#### [THE TASK]
Using the data below, set down every line from the one containing "Dekorácia Záves lyže drevo biele 17x3,5x2cm" through the one containing "2025年丰林县公共场所卫生信用等级评价汇总表(公示)", inclusive and unchanged. Pictures are to be skipped.

(Beginning of INFORMATION SUPPLIED)

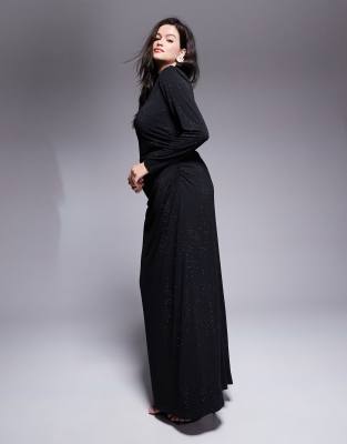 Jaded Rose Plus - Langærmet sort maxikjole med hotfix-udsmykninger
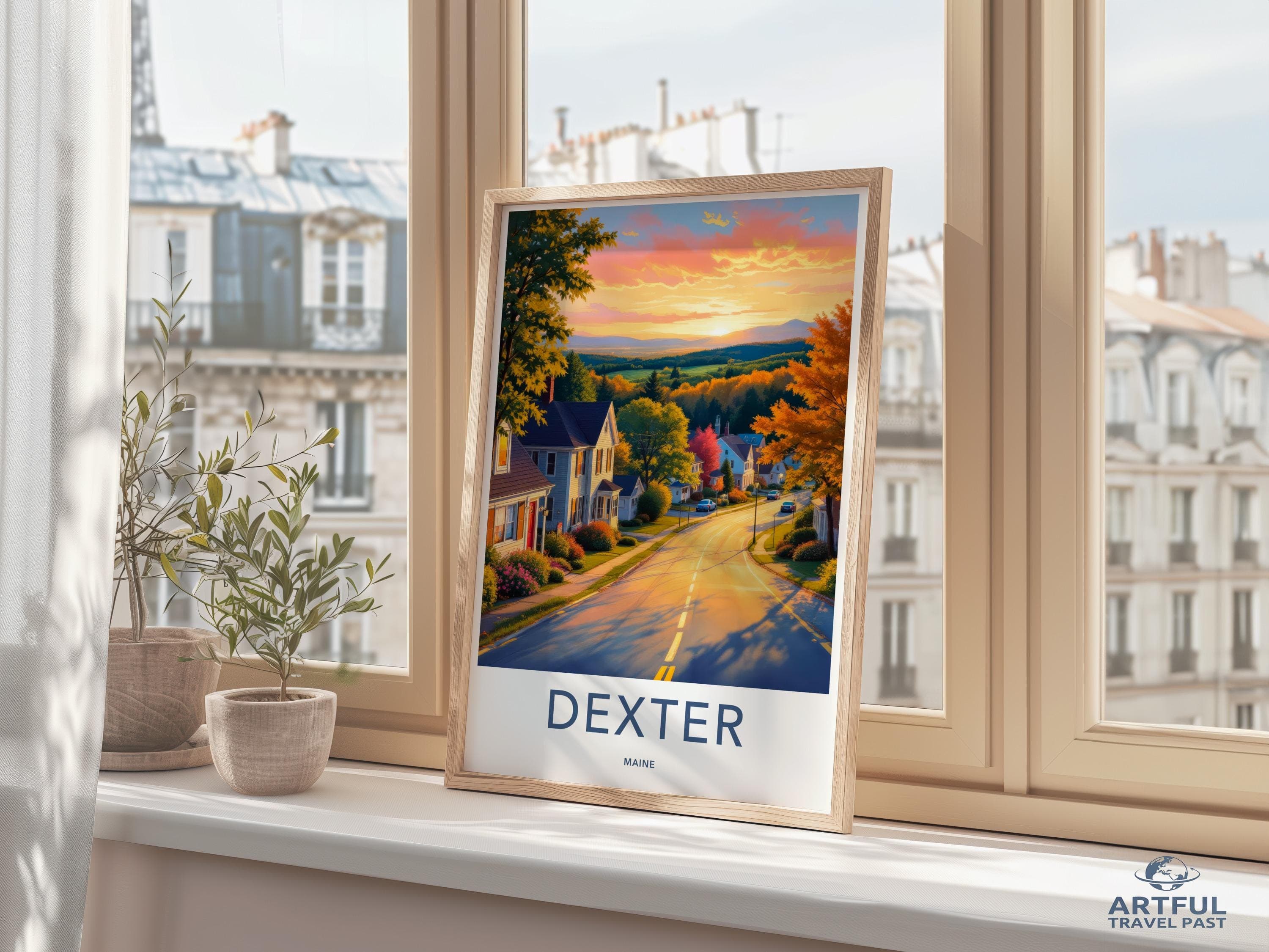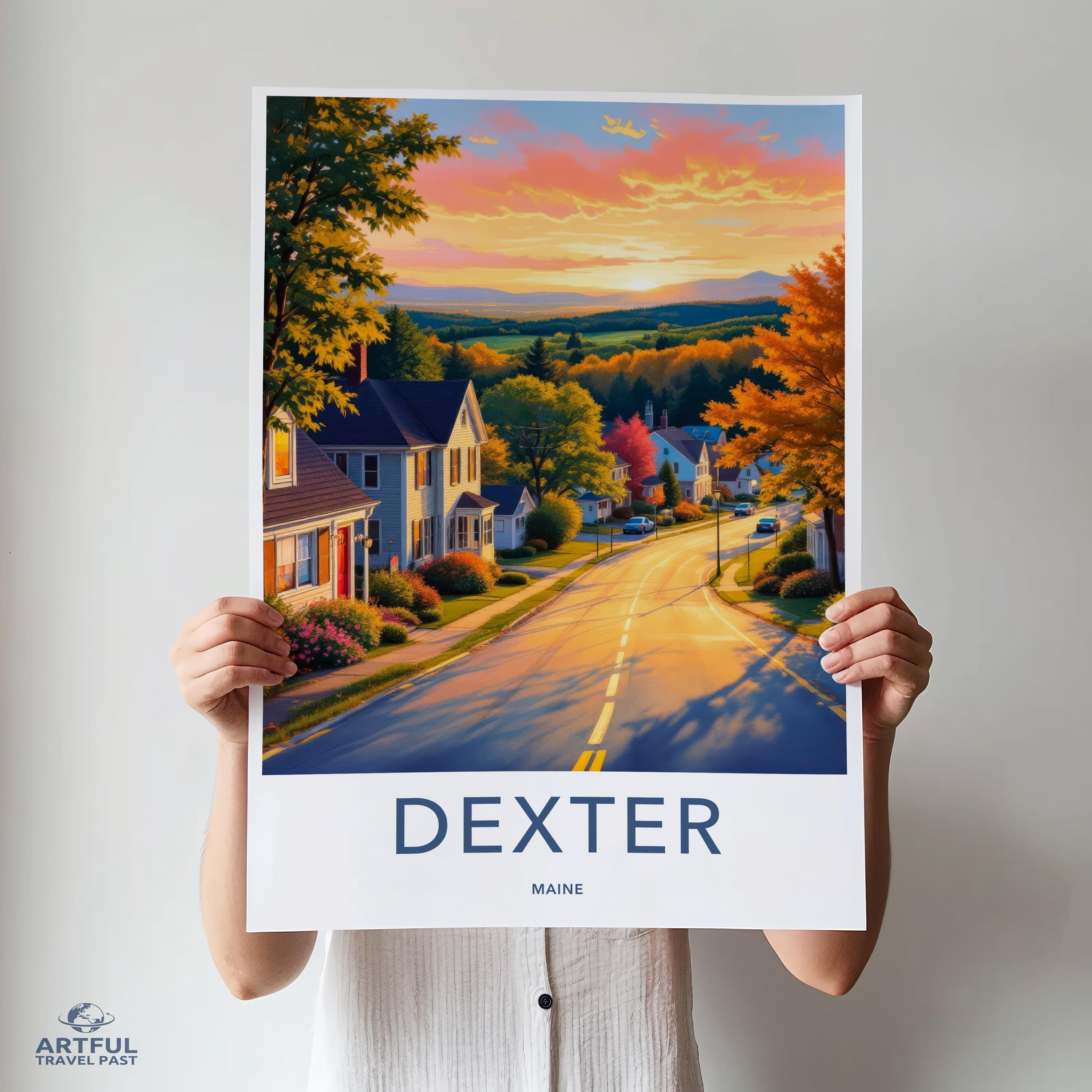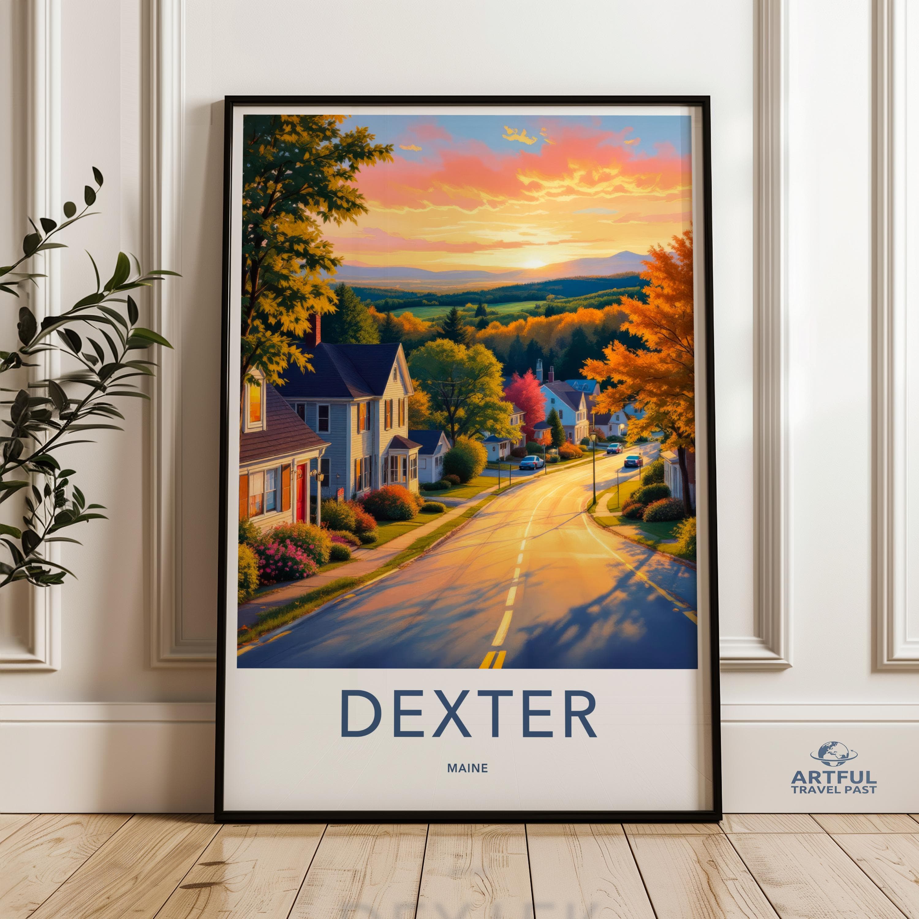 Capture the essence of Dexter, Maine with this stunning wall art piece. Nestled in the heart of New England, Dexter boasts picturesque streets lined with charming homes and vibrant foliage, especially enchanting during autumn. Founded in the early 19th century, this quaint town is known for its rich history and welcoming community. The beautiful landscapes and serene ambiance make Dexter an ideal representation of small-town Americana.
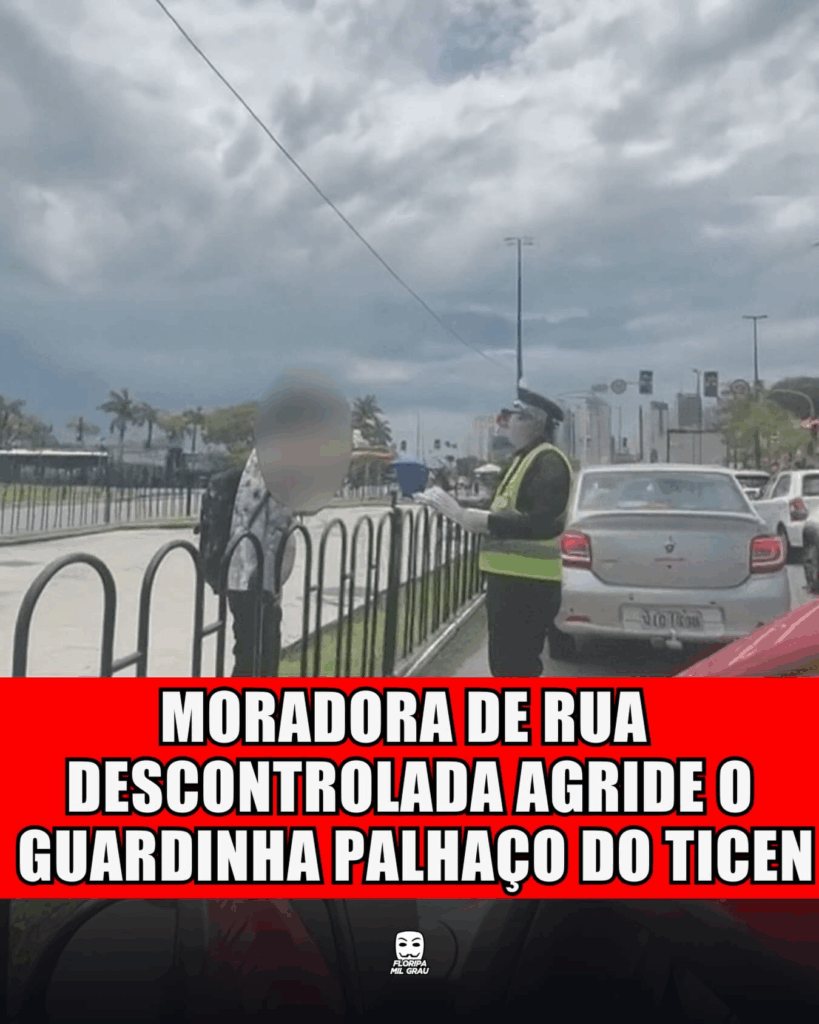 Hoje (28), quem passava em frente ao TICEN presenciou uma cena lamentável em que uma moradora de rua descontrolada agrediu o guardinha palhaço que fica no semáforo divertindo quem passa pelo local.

(End of INFORMATION SUPPLIED)
(Beginning of INFORMATION SUPPLIED)

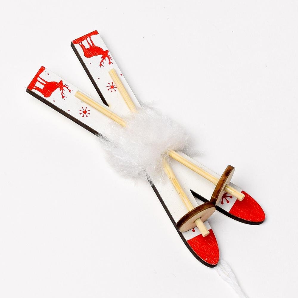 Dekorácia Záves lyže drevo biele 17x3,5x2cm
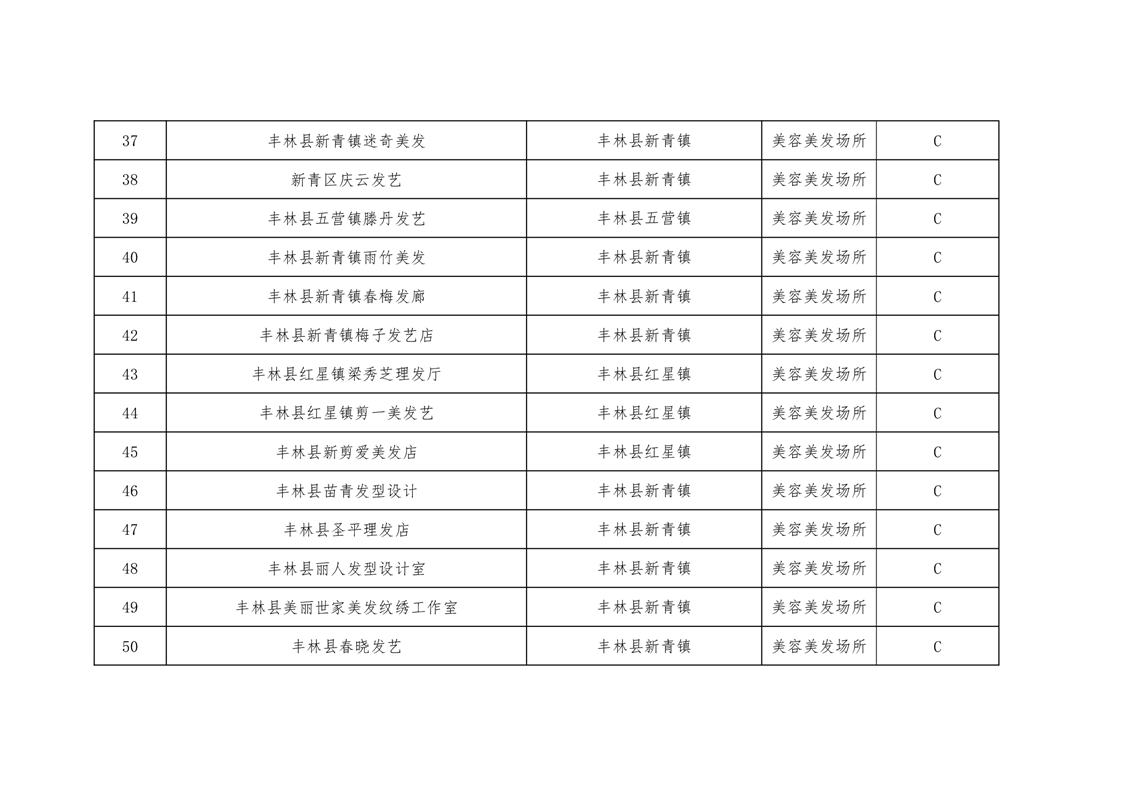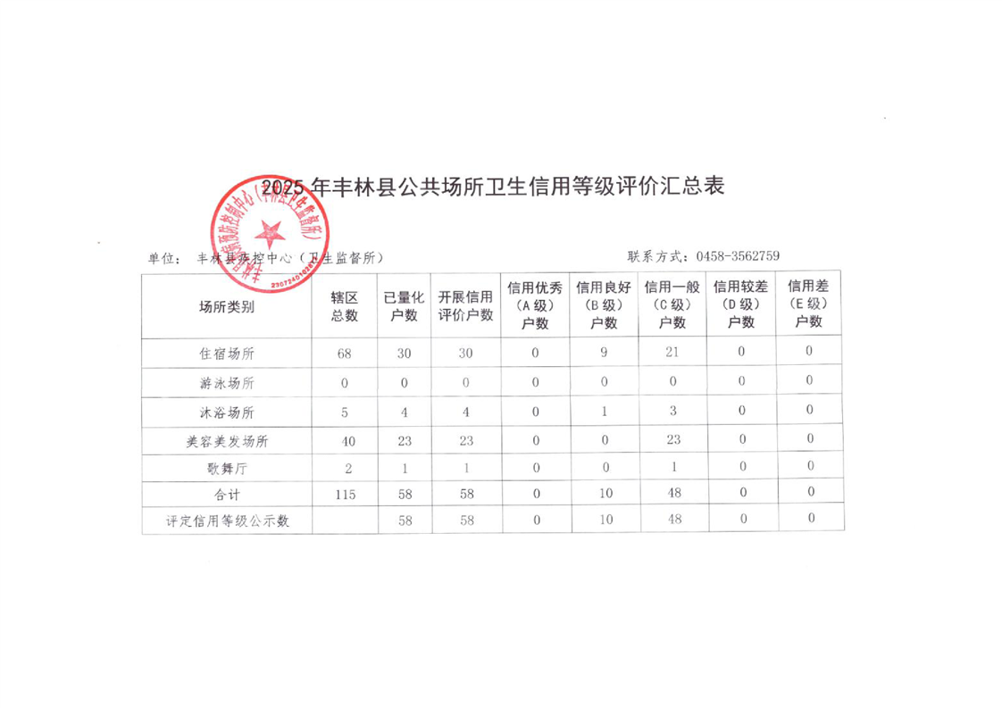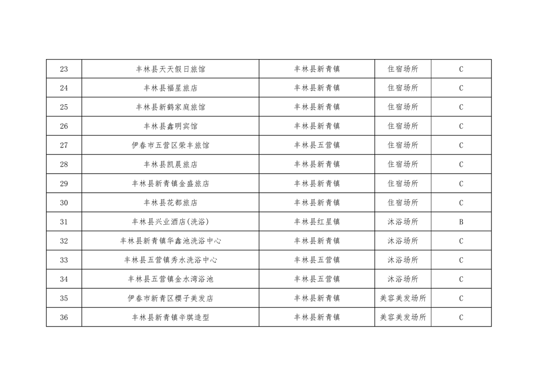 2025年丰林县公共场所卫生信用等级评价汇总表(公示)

(End of INFORMATION SUPPLIED)

#### [EXPECTED ANSWER]
 Dekorácia Záves lyže drevo biele 17x3,5x2cm
 2025年丰林县公共场所卫生信用等级评价汇总表(公示)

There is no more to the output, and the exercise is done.